Friday, January 7, 2011
Keith Office
Read from Saturday, January 1st to Monday, January 3rd.
Post Office, by Charles Bukowski. Bukowski was always one of those semi-famous underground authors that I wanted to check out. So one day I bought three of his books on Amazon. This is the first that I've read.
Apparently it is the first of a series of books about a character called Henry Chinaski, who is Bukowski's literary alter ego. Chinaski is an alcoholic, a womanizer, and a gambler at the race tracks. In this book, he painfully suffers through many years of working at the Post Office in LA in the 1950s and 60s. He is a letter carrier first, and then a clerk that sorts the mail. The bosses are always all over him, and Chinaski has to constantly file his job down into smaller and smaller time increments. He always shows up hungover, and frequently takes days off to go to the race track, where he has some mild success. He suffers through all the write-ups and reprimands and crazy co-workers and bosses.

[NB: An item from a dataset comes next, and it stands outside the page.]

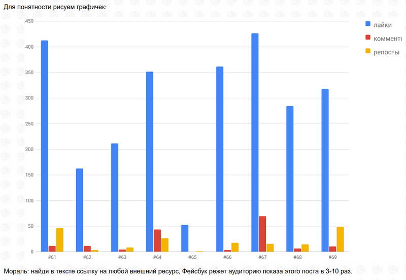 Так вот. Во-первых, должен на это заметить, что, благодаря чудесным ветвистым и кривеньким ручонкам программистов господина Закерберга, ЛЮБОЙ ваш пост будет показан очень небольшому количеству ваших подписчиков и френдов, потому что алгоритм показа постов строится по древней каббалистической формуле קבלו זין ולא פוסט, которую с иврита можно перевести приблизительно как "Х#ЙВАМАНЕПОСТ". То есть ставите вы там ссылку или не ставите - это абсолютно эквипенисуально, все равно его мало кто увидит (проведенные эксперименты давали цифры от 10 до 25 процентов подписчиков, то есть даже не половину). Во-вторых, я еще раз провел экслеримент на своих 25 тысячах (это я прихвастнул, на самом деле там всего-то 24764) подписчиков и целый день давал ссылки на статьи и посты в блоге на Exler.ru не в теле поста, как обычно, а в первом комменте.

He also lives with a string of 'shack-jobs,' women that he supports. But they eventually all he leave him one way or another, and he goes off and finds another. Chinaski is just looking for the cheap, easy thrills of life. He is not greedy, but he has his three vices of gambling, booze, and women. Eventually the post office and the women wear him down so much that he finally resigns. He goes on a bender and almost kills himself. But he persists, and wakes up one morning and writes a novel. That is where the story ends, presumably to be picked up in the next installment.
It is a quick book with short chapters. Filled with black humor, we the readers, along with Chinaski himself, are able to laugh at his life and job. I am interested to see where he goes from here. Three and a half out of five stars.